Oleh Ayu Rizky Widyanti
Pengendalian banjir merupakan suatu upaya yang bertujuan untuk menurunkan tingkat risiko ancaman jiwa manusia dan harta benda akibat banjir sampai ke tingkat toleransi. Pada dasarnya pengendalian banjir dapat dilakukan dengan berbagai cara, namun yang terpenting adalah harus dipertimbangkan secara keseluruhan dan dicari sistem yang paling optimal.
Berikut ini beberapa faktor yang harus dipertimbangkan sebelum memilih jenis bangunan untuk pengendalian banjir:
- Pengaruh regim sungai, terutama erosi dan sedimentasi (degradasi dan agradasi sungai, serta hubungannya dengan biaya pemeliharaan)
- Kebutuhan perlindungan erosi di daerah kritis
- Pengaruh bangunan terhadap lingkungan
- Perkembangan pembangunan daerah
- Pengaruh bangunan terhadap kondisi aliran di sebelah hulu dan sebelah hilirnya
METODE DALAM PENGENDALIAN BANJIR
Upaya pengendalian banjir dapat dibedakan menjadi dua jenis, yaitu upaya berwujud fisik (metode struktur) dan upaya non-fisik (metode non-struktur).
Metode Struktur
Merupakan kegiatan penanggulangan banjir yang meliputi kegiatan perbaikan sungai dan pembuatan tanggul banjir untuk mengurangi risiko banjir di sungai, pembuatan saluran (floodway) untuk mengalirkan sebagian atau seluruh air, serta pengaturan sistem pengaliran untuk mengurangi debit puncak banjir dengan bangunan, seperti bendungan dan kolam retensi.
Metode Non–Struktur
Metode non-struktur merupakan metode pengendalian banjir banjir yang tidak menggunakan bangunan pengendali banjir.

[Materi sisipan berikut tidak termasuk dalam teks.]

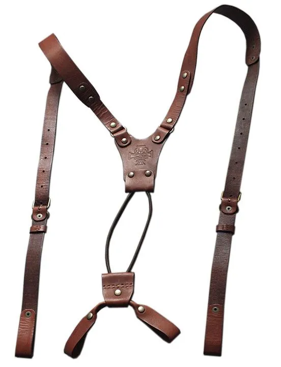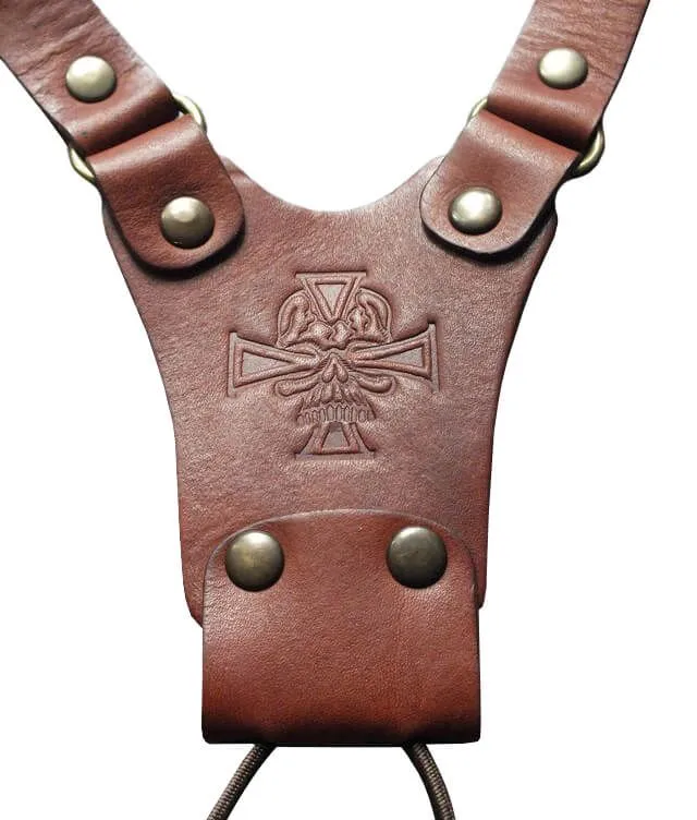Подтяжки производства российской компании "Подиум" сделаны из натуральной кожи коричневого цвета и декорированы клише с изображением черепа. Такой аксессуар, помимо выполнения своей функциональной роли, поможет Вам в создании нужного образа. Подтяжки визуально сделают силуэт более подтянутым и добавят брутальности.

Aktivitas penanganan tanpa bangunan, antara lain berupa pengelolaan daerah aliran sungai (DAS) untuk mengurangi limpasan air hujan; penanaman vegetasi untuk mengurangi laju aliran permukaan di DAS; kontrol terhadap pengembangan di daerah genangan, misalnya seperti dengan peraturan-peraturan penggunaan lahan, sistem peringatan dini, larangan pembuangan sampah di sungai, serta partisipasi masyarakat.
BANGUNAN PENGENDALI BANJIR
Berikut ini beberapa bangunan pengendali banjir.
Bendungan
Ini merupakan sebuah bangunan urugan tanah, urugan batu, beton, dan/atau pasangan batu yang dibangun. Selain untuk menahan dan menampung air, bangunan ini juga dibangun untuk menahan dan menampung limbah tambang (tailing) atau menampung lumpur sehingga terbentuknya waduk.

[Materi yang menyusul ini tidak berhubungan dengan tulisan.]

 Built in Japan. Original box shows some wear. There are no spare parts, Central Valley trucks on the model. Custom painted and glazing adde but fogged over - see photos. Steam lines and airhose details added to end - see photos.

Bendungan atau dam juga dapat didefinisikan sebagai konstruksi yang dibangun untuk menahan laju air menjadi waduk, danau atau tempat rekreasi termasuk, antara lain menahan laju sedimentasi yang ditampung dalam tampungan mati (dead storage).

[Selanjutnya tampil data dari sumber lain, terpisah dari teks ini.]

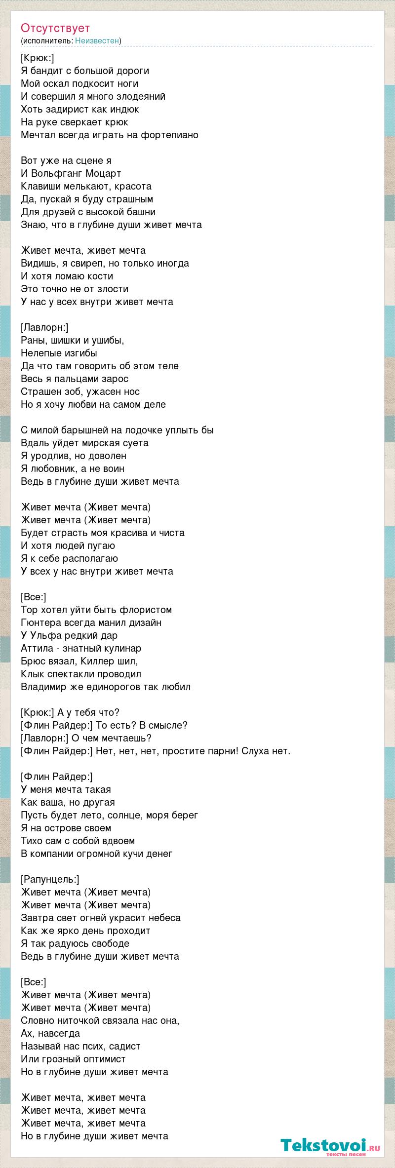[Крюк:] Я бандит с большой дороги Мой оскал подкосит ноги И совершил я много злодеяний Хоть задирист как индюк На руке сверкает крюк Мечтал всегда играть на фортепиано Вот уже на сцене я И Вольфганг Моцарт Клавиши мелькают, красота Да, пускай я буду страшным Для друзей с высокой башни Знаю, что в глубине души живет мечта Живет мечта, живет мечта Видишь, я свиреп, но только иногда И хотя ломаю кости Это точно не от злости У нас у всех внутри живет мечта [Лавлорн:] Раны, шишки и ушибы, Нелепые изгибы Да что там говорить об этом теле Весь я пальцами зарос Страшен зоб, ужасен нос Но я хочу любви на самом деле С милой барышней на лодочке уплыть бы Вдаль уйдет мирская суета Я уродлив, но доволен Я любовник, а не воин Ведь в глубине души живет мечта Живет мечта (Живет мечта) Живет мечта (Живет мечта) Будет страсть моя красива и чиста И хотя людей пугаю Я к себе располагаю У всех у нас внутри живет мечта [Все:] Тор хотел уйти быть флористом Гюнтера всегда манил дизайн У Ульфа редкий дар Аттила - знатный кулинар Брюс вязал, Киллер шил, Клык спектакли проводил Владимир же единорогов так любил [Крюк:] А у тебя что? [Флин Райдер:] То есть? В смысле? [Лавлорн:] О чем мечтаешь? [Флин Райдер:] Нет, нет, нет, простите парни! Слуха нет. [Флин Райдер:] У меня мечта такая Как ваша, но другая Пусть будет лето, солнце, моря берег Я на острове своем Тихо сам с собой вдвоем В компании огромной кучи денег [Рапунцель:] Живет мечта (Живет мечта) Живет мечта (Живет мечта) Завтра свет огней украсит небеса Как же ярко день проходит Я так радуюсь свободе Ведь в глубине души живет мечта [Все:] Живет мечта (Живет мечта) Живет мечта (Живет мечта) Словно ниточкой связала нас она, Ах, навсегда Называй нас псих, садист Или грозный оптимист Но в глубине души живет мечта Живет мечта, живет мечта Живет мечта, живет мечта Живет мечта, живет мечта Но в глубине души живет мечта

Terdapat beberapa fungsi bendungan, yaitu untuk menampung air sungai, mengelola dan mengatur air dalam waduk, pengelolaan sumber daya air, penyediaan air baku (raw water), menjadi salah satu sumber untuk penyediaan air bersih dan air minum, penyediaan air irigasi, pengendalian banjir, dan sebagai pembangkit listrik tenaga air (PLTA).
Suatu bendungan apabila mempunyai semua fungsi-fungsi tersebut disebutnya sebagai bendungan multifungsi atau multi–purpose dam. Namun, kebanyakan dam juga memiliki beberapa bagian yang disebut dengan pintu air atau bangunan pelimpah (spillway) untuk membuang air yang tidak diinginkan secara bertahap atau berkelanjutan.
Waduk
Ini merupakan sebuah wadah buatan yang terbentuk sebagai akibat dibangunnya bendungan. Pada umumnya waduk dibangun untuk pengembangan sumber daya air sungai dengan menampung air pada musim hujan untuk memperbaiki kondisi aliran sungai, terutama saat musim kemarau. Di samping itu, waduk biasanya dibangun untuk beberapa manfaat yang disebut multiguna atau multi–purpose dam, misalnya untuk irigasi, penyediaan air baku (air minum), pembangkit listrik tenaga air, dan sebagainya.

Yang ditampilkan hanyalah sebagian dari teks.